+++ Listed records

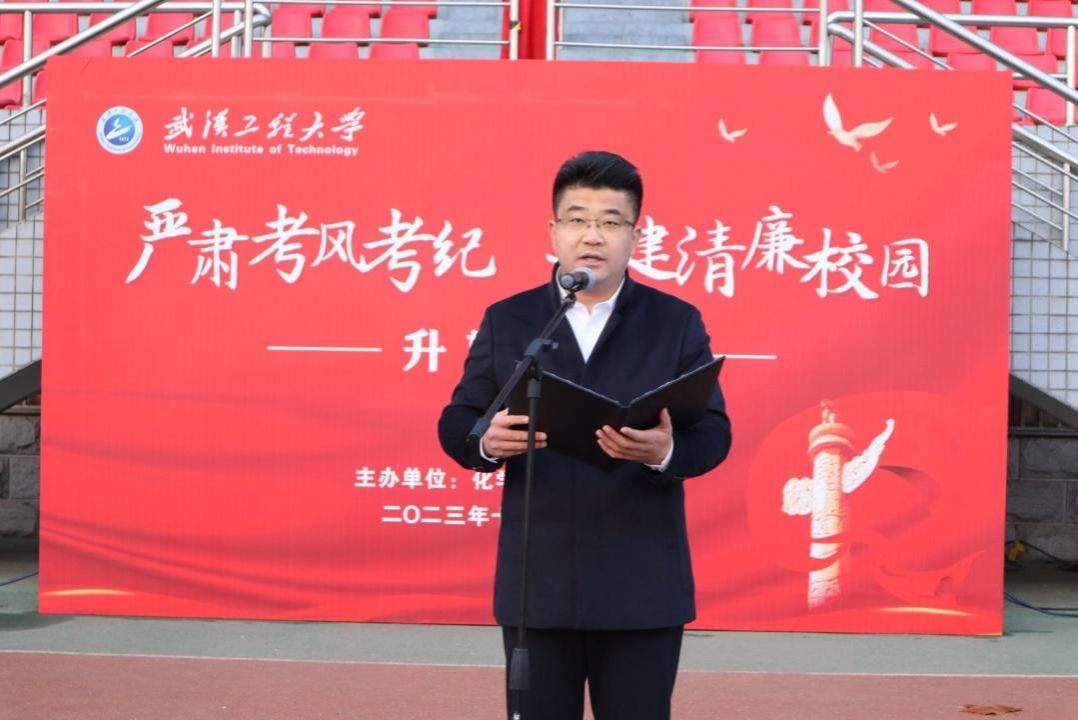 本网讯(通讯员 李杨)11月27日,伟德国际1949官网在田径场举办以“严肃考纪考风,共建清廉校园”主题升旗仪式,公司党委书记张宗良、党委副书记许守飞、全体辅导员、2022级、2023级全体同学参加本次升旗仪式。
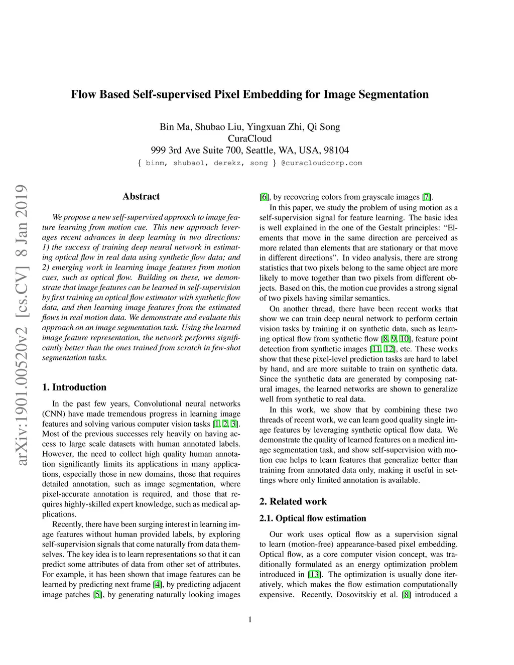 Flow Based Self-supervised Pixel Embedding for Image Segmentation
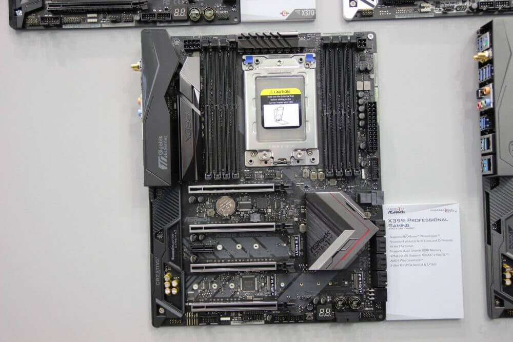 Öte yandan ASRock sadece X399 anakart serisi sergilerken, profesyonel gaming ve Taichi modelleri bizlere dört adet PCI-Express yuvasının yanı sıra, sekiz adet bellek DIMM'si sunuyor. Üstelik her iki anakartta da Wi-Fi antenleri ve iki ethernet konektörünün olduğunu görüyoruz. X399 Aorus Gaming 7 anakartından farklı olarak ASRock Ryzen Threadripper işlemci modellerine uygun olarak 8-pin güç konektörüne sahip.
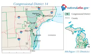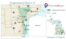 Le 14e district congressionnel du Michigan était un district qui s'étendait de l'est de Détroit vers l'ouest jusqu'à Farmington Hills, puis au nord jusqu'à la banlieue de Pontiac. De 1993 à 2013, il était entièrement basée dans le Comté de Wayne.
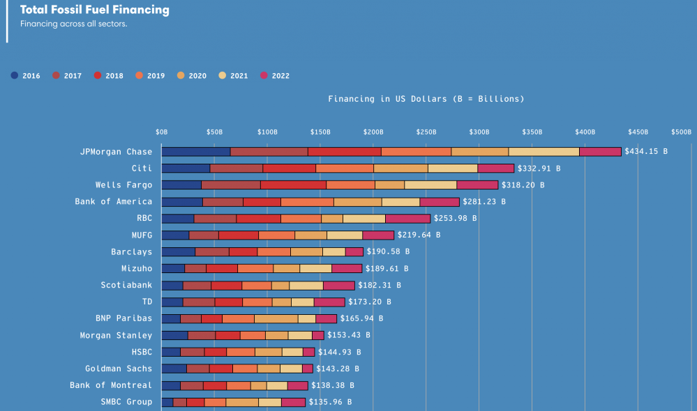 (银行对化石燃料融资,图源于《银行巨头与气候乱局2023》报告)

++++++

Exercise requirements: Your task is to reproduce exactly the lines running from the line that contains "Le 14e district" to the end of the records, pictures excluded.

Answer section:
 Le 14e district congressionnel du Michigan était un district qui s'étendait de l'est de Détroit vers l'ouest jusqu'à Farmington Hills, puis au nord jusqu'à la banlieue de Pontiac. De 1993 à 2013, il était entièrement basée dans le Comté de Wayne.
 (银行对化石燃料融资,图源于《银行巨头与气候乱局2023》报告)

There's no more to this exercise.